Le cose che non si capiscono
- Vede, capitano, lei a me mi deve capire, lei non può dire certe cose.
- Da dove viene lei da Belluno? Come può giudicare così questa terra?
- Lei a Belluno, se vuole aprire un ristorante va alla camera di commercio si informa e prepara i documenti.

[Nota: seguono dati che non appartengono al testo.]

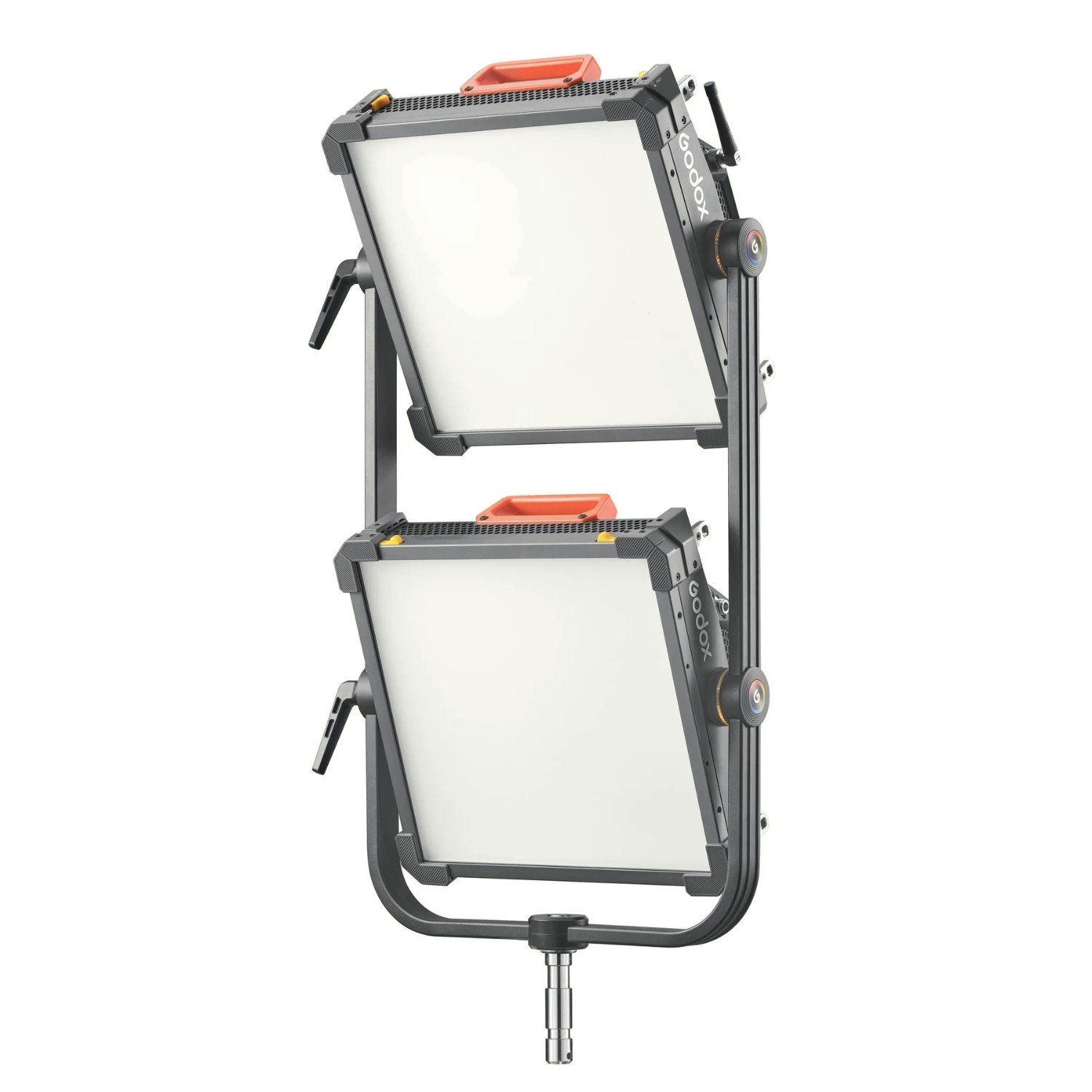 Godox Knowled Double Vertical Yoke P300RY03 omogoča namestitev dveh KNOWLED P300R RGB Pixel Panelov na en sam stojalo, z neodvisnim vrtenjem za vsak panel – idealno za podvojitev svetlobnega izhoda in izboljšanje pokritosti za kinematografijo in virtualno produkcijo.

- Da noi, anche se le serve un certificato di residenza, deve conoscere qualcuno.
- No, non mi scuota così la testa, 'che potrei essere suo padre.
- Di gradi lei ne ha più di me, ma mi stia a sentire prima che si metta a fare l’eroe.
- Ha mai sentito parlare di terrorismo in Sicilia? Si è mai chiesto come mai? Pensa che di teste storte non se ne trovino anche da noi?
- Come pensa sia successo questo… miracolo?
- Ci sono accordi, maresciallo, e cose che lei non può capire, lei prima deve farsi una cultura e capire equilibri e ragioni e poi, poi possiamo fare il nostro lavoro -.
- Mafia è una parola che se non sei siciliano non puoi capire davvero sino in fondo, perché mafia è tante cose.
- Ha mai visto un prato all’inglese, signor Capitano? Per farlo diventare così, ora usano mettere strisce di terra preparate sul terreno.
- Quello che c’è sotto uno non lo vede.
- Così è questa terra, dove sono nato e dove l’hanno mandata, Capitano, perché forse lei dava fastidio a qualcuno.
- Qui mi sono guadagnato i gradi di maresciallo e qui mi sono beccato due pallottole alla spalla e una alla gamba, perché, signor Capitano, io non mi tiro mai indietro, di questo stia sicuro.
- Questo è un gioco, dove tutti rispettano la loro parte, noi, i mafiosi, li arrestiamo e loro scappano o si pentono o fanno finta di pentirsi quando devono mettere a tacere qualcuno.
- Lei, Capitano, però ora sta cambiando le regole del gioco, coinvolge la politica e cerca i corrotti dentro le istituzioni e questo, questo ci porterà a farci ammazzare.
- Certo, Capitano, ho detto farci, perché io non mi tiro indietro di certo, che anche se prendo quattro soldi di stipendio io, io rispetto questa divisa.
- Testardo, Capitano, dovete essere testardi voi bellunesi, minchiate io nun saccio manco onne stai Belluno.
- Va bene, tolgo la sicura, andiamo Capitano -.